Where did graveyard keepers sleep, anyway? she wondered. That question opened up a whole new can of beans.
There was only one thing to do, she concluded: run. Of course, in a tight skirt and heels, running wouldn’t be pretty. Dammit, she should have worn pants.
“No more questions?” asked her mystery man.
Barbie took the fact that her feet hadn’t moved as a very bad sign.

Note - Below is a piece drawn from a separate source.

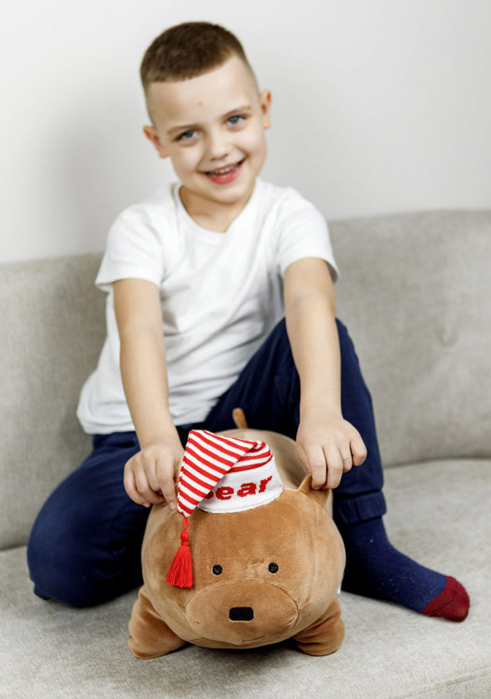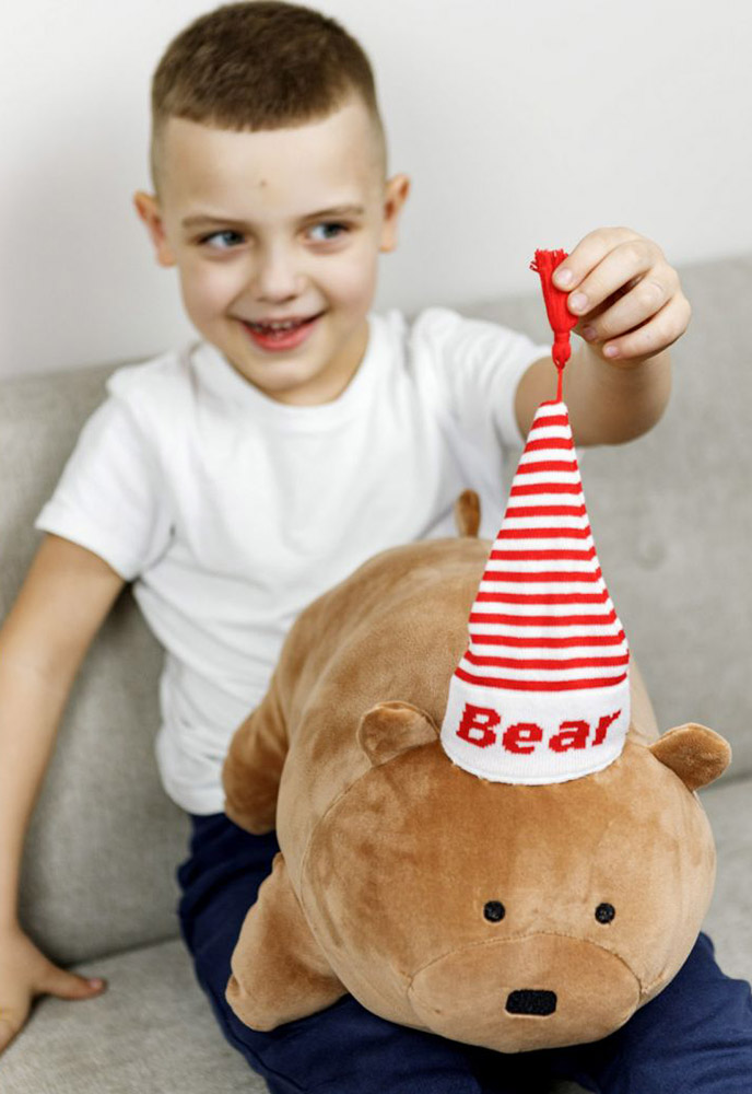 Подушка-валик выполнена в виде мишки с симпатичной мордочкой, шапочкой, ушками и лапками. Подушка мягкая и уютная, подарит комфортный и приятный отдых, а также улыбку и хорошее настроение. Изделие может использоваться в качестве антистрессовой подушки-обнимашки или для декорирования интерьера. Подушка обязательно понравится детям, любителям животных, а также тем, кто ценит милые и забавные вещи. Чехол подушки приятный на ощупь, выполнен из мягкой испанской ткани. В качестве наполнителя используется антиаллергенное полиэфирное волокно холлофайбер.

“I suppose this is awkward,” he went on, voice all smoky and sincere and doubling up on the velvet quotient. “Maybe you can think of this whole situation as a little intervention. As a Good Samaritan merely saving you some trouble.”
Though Barbie squinted harder, trying to see him, her search turned up a big fat zero. It wasn’t that the darkness was completely unbroken. Up in the sky came a faint glimmer of stars. The headstone beside them seemed to give off a whitish glow. Still, she couldn’t see what she most wanted to see.
“You still here?” the guy asked.
Little electric charges were crackling over Barbie’s skin in response to his presence beside her. A heat-seeking missile could have found him, no problem. He was fire in human form, hot enough to cause her hair to curl. She had to ground herself, quickly, before the word retreat became a distant memory.
Maybe just one brush against this guy’s pecs? After all, darkness worked both ways.